BOGOMOLETS NATIONAL MEDICAL UNIVERSITY, KYIV, UKRAINE.
Wiad Lek. 2024;77(4):629-634. doi: 10.36740/WLek202404102.
Aim: To improve treatment outcomes of patients with unresectable pancreatic head cancer complicated by obstructive jaundice by improving the tactics and techniques of surgical interventions.
Materials and Methods: Depending on the treatment tactics, patients were randomised to the main group (53 people) or the comparison group (54 people). The results of correction of obstructive jaundice by Roux-en-Y end to side hepaticojejunostomy (main group) and common bile duct prosthetics with self-expanding metal stents (comparison group) were compared.
Results: The use of self-expanding metal stents for internal drainage of the biliary system compared to hepaticojejunostomy operations reduced the incidence of postoperative complications by 29.9% (χ2=13.7, 95% CI 14.38-44.08, p=0.0002) and mortality by 7.5% (χ2=4.16, 95% CI -0.05-17.79, p=0.04). Within 8-10 months after biliary stenting, 11.1% (6/54) of patients developed recurrent jaundice and cholangitis, and another 7.4% (4/54) of patients developed duodenal stenosis with a tumour. These complications led to repeated hospitalisation and biliary restentation in 4 (7.4%) cases, and duodenal stenting by self-expanding metal stents in 4 (7.4%) patients.
Conclusions: The choice of biliodigestive shunting method should be selected depending on the expected survival time of patients. If the prognosis of survival is up to 8 months, it is advisable to perform prosthetics of the common bile duct with self-expanding metal stents, if more than 8 months, it is advisable to perform hepaticojejunal anastomosis with prophylactic gastrojejunal anastomosis.

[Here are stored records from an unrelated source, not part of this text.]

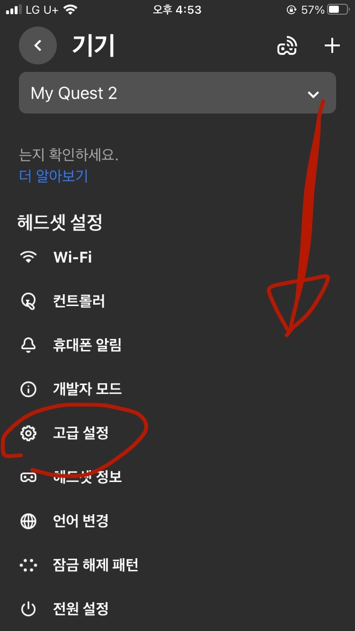 4. 아래로 스크롤하여 '고급 설정' 진입 ( 오큘러스 퀘스트 2 기기의 전원 작동 필요 )
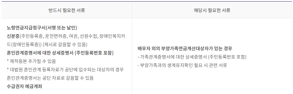 청구 사이트는 국민연금공단 전국 어느 지점에서나 가능하며, 홈페이지를 통해 방문청구, 방문연금서비스, 우편, 팩스, 인터넷 청구 등을 통해 신청할 수 있으므로 작성서류는 다음과 같습니다.
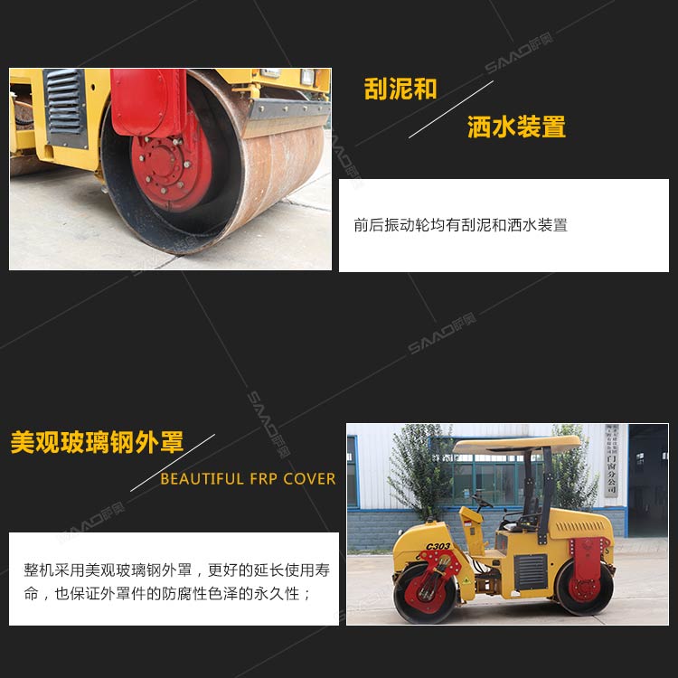 4,前后振動(dòng)輪均有刮泥和灑水裝置;
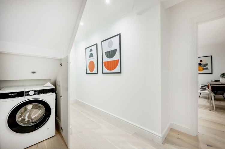 This lovely family home has been completely refurbished, using neutral soft tons with blue accents, built-in furniture to maximise storage and an overall feel of modern living. New guest toilet built under stairs for convenience and privacy.
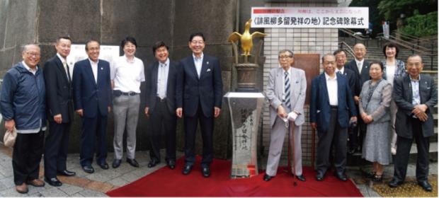 『誹風柳多留』発祥の地の記念碑除幕式の様子=平成27年(2015年)
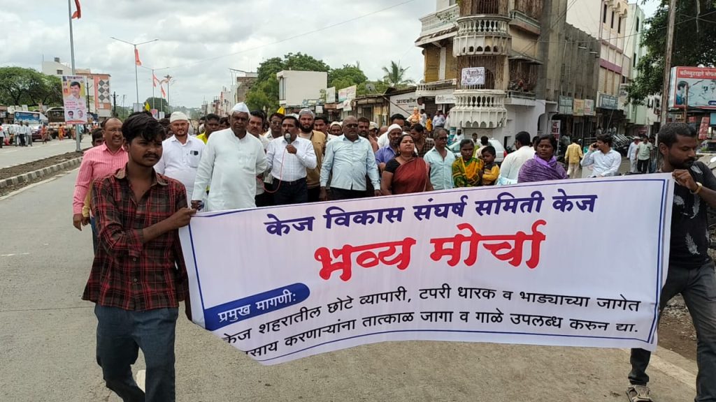 केज मध्ये छोट्या व्यावसायिकांचा “आम्हाला जागा द्या” म्हणून मोर्चा
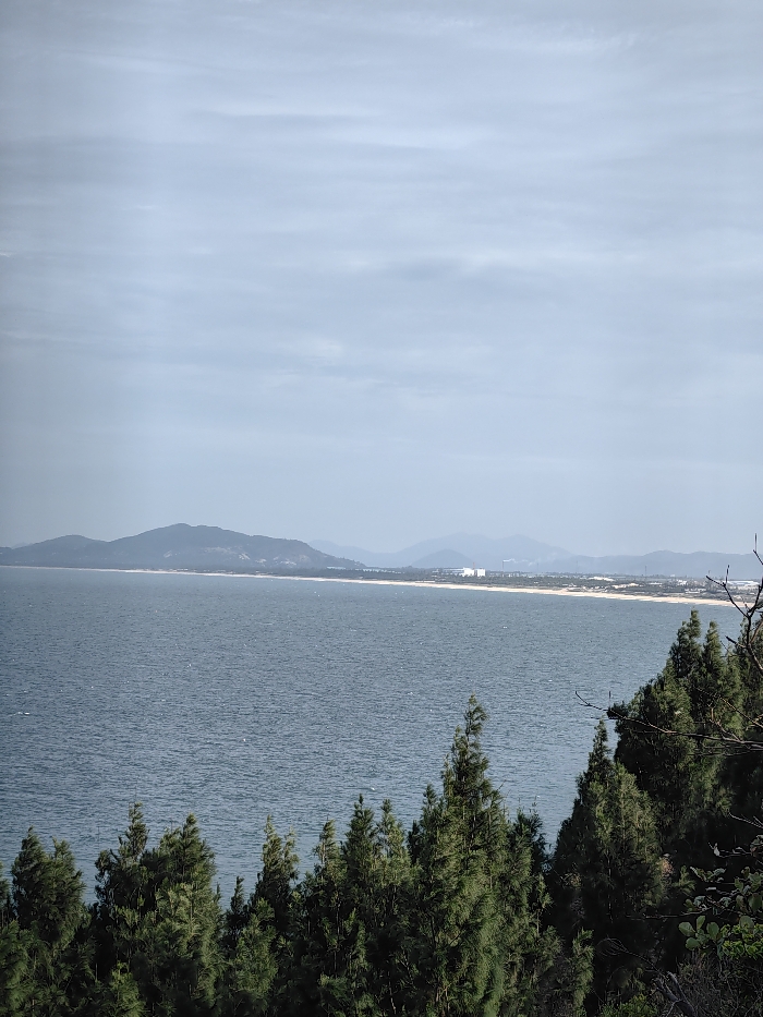 The image displays a coastal panorama from an elevated viewpoint in Tuy Phong 4, Vietnam. The lower third of the frame features dense, dark green evergreen tree canopies. Beyond these, a wide body of dark blue-grey water extends to the horizon, showing slight surface texture. A light sandy beach forms the distant coastline, backed by hazy, blue-grey mountain ranges. On this distant shore, a large white building complex and other structures are visible toward the right. The upper portion of the image shows an overcast sky with horizontal stratiform clouds in shades of light blue and grey. No human subjects, actions, or interactions are present.

旨在通过改进手术干预策略和技术,提高无法切除的胰头癌合并梗阻性黄疸患者的治疗效果。
根据治疗策略,患者被随机分配到主要组(53 人)或对照组(54 人)。比较 Roux-en-Y 端侧肝肠吻合术(主要组)和自膨式金属支架胆管内支架置入术(对照组)纠正梗阻性黄疸的效果。
与肝肠吻合术相比,自膨式金属支架内引流胆道系统降低了术后并发症的发生率 29.9%(χ2=13.7,95%CI 14.38-44.08,p=0.0002)和死亡率 7.5%(χ2=4.16,95%CI -0.05-17.79,p=0.04)。在胆道支架置入后 8-10 个月内,11.1%(6/54)的患者出现复发性黄疸和胆管炎,另有 7.4%(4/54)的患者出现肿瘤导致的十二指肠狭窄。这些并发症导致 4 例(7.4%)患者需要再次住院和胆道支架置入,4 例(7.4%)患者需要进行自膨式金属支架十二指肠支架置入。
选择胆肠分流方法应根据患者的预期生存时间而定。如果预期生存时间不超过 8 个月,则建议行自膨式金属支架胆管内支架置入术;如果预期生存时间超过 8 个月,则建议行预防性胃空肠吻合术的肝肠吻合术。